We agree with appellee that the motion in question is not one of intervention, but solely a plea to
enforce a right and that is to receive pleadings and orders related to the case. Evidently, the use of
the word "intervention" in the manifestation and pleadings presented by Adela was resorted to for
want of another appropriate word. In effect, all she wanted to convey was that she should participate
or continue taking part in the case for being an original party therein. It was her belief that in filing the
manifestation dropping herself from the proceedings (but which she later informed the court to have
been secured thru fraud), her standing might have been affected. Intervention as contemplated by
the Rules is a proceeding in a suit or action by which a third person is permitted by the court to make
himself a party, either joining plaintiff in claiming what is sought by the complaint, or uniting with
defendant in resisting the claims of plaintiff, or demanding something adversely to both of them; the
act or proceeding by which a third person becomes a party in a suit pending between others; the
admission, by leave of court, of a person not an original party to pending legal proceedings, which
such person becomes a party thereto for the protection of some right or interest alleged by him to be
affected by such proceedings (Judge of Camarines Sur, et al. vs. David, et al., G.R. No. 45454, April
12, 1939, cited in Francisco's Rules of Court, Vol. I, Part I, p. 639, emphasis supplied). The
circumstances stated above do not fit the status of Adela in the probate proceedings; she was not a
third person; she was an original party therein.

We see no prejudice to be suffered by the administrator and Rizalina, if they are required to furnish
copies of their pleadings to appellee.
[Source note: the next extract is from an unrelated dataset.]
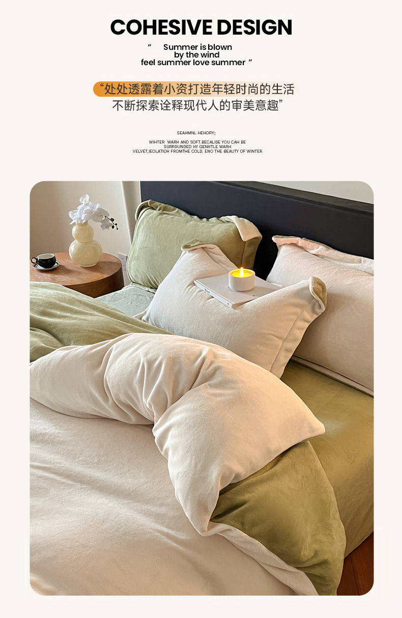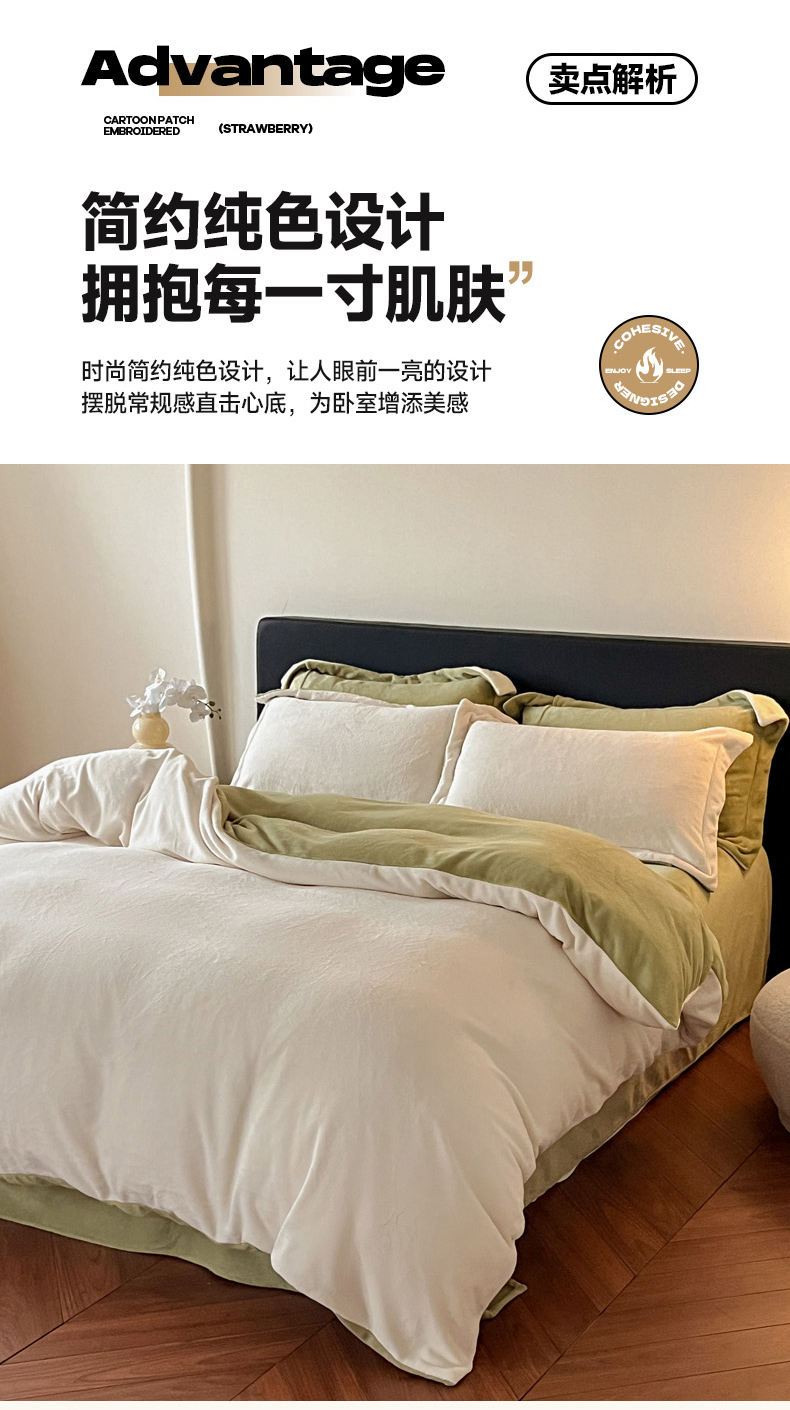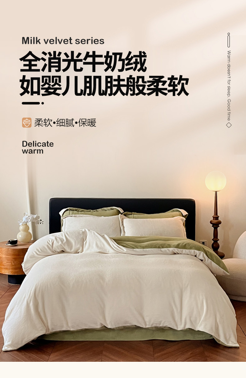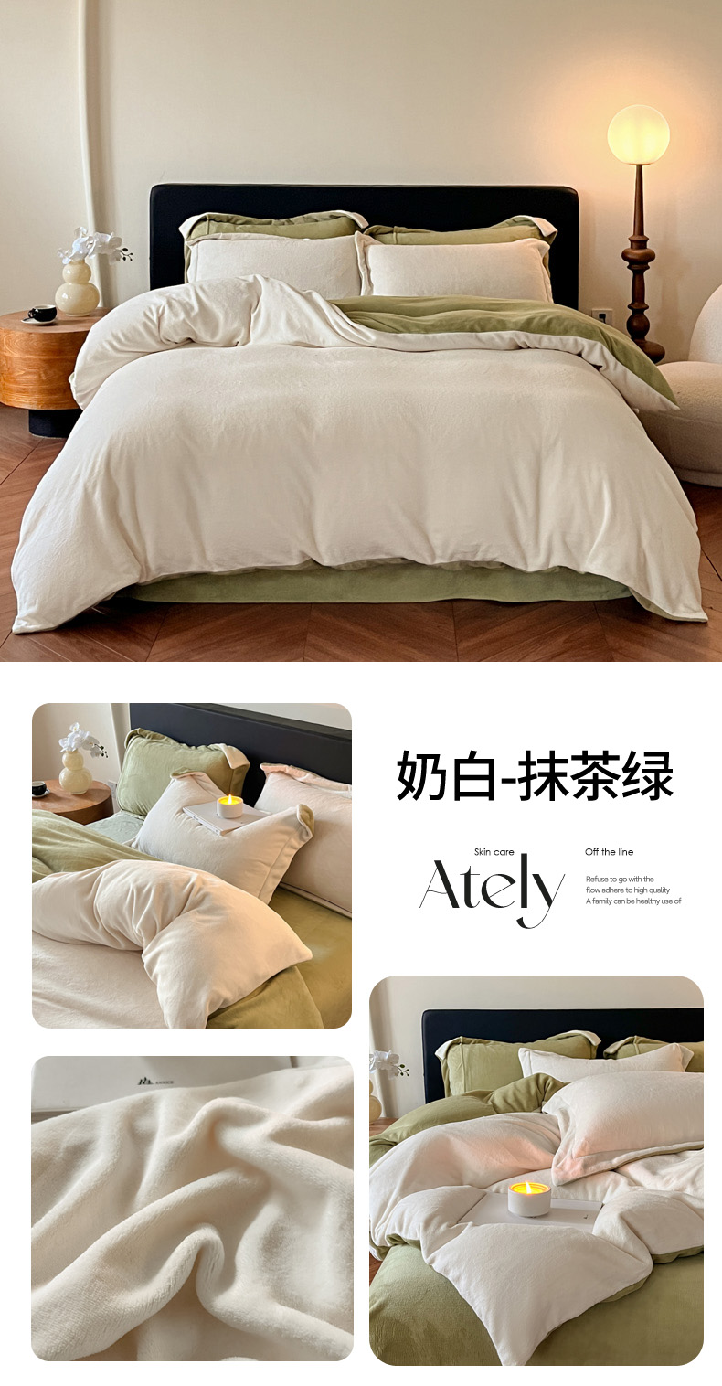 当前位置: 91家纺网 > 商品网购 > 床品套件 > 四件套 > 牛奶绒四件套 > 万盛家纺 2025新款全消光加厚230克牛奶绒拼色四件套 奶白-抹茶绿

On the contrary, doing so, will give appellee her day in court
and provide protection to the administrator himself.
IN VIEW OF THE FOREGOING, We find the Order appealed from to be in conformity with the law
and jurisprudence. The same should be, as it is hereby affirmed, in all respects, with costs against
the appellants Jose D. Villegas and Rizalina Santos Rivera, in both instances.
Padilla, Bautista Angelo, Labrador, Concepcion, Reyes, J.B.L., Barrera and Dizon, JJ., concur.
Bengzon, C.J., is on leave.
Footnotes
Transferring all her rights and participation in the estate to Rizalina, P10,000.00 upon
signing of the deed, and P40,000.00 within one year.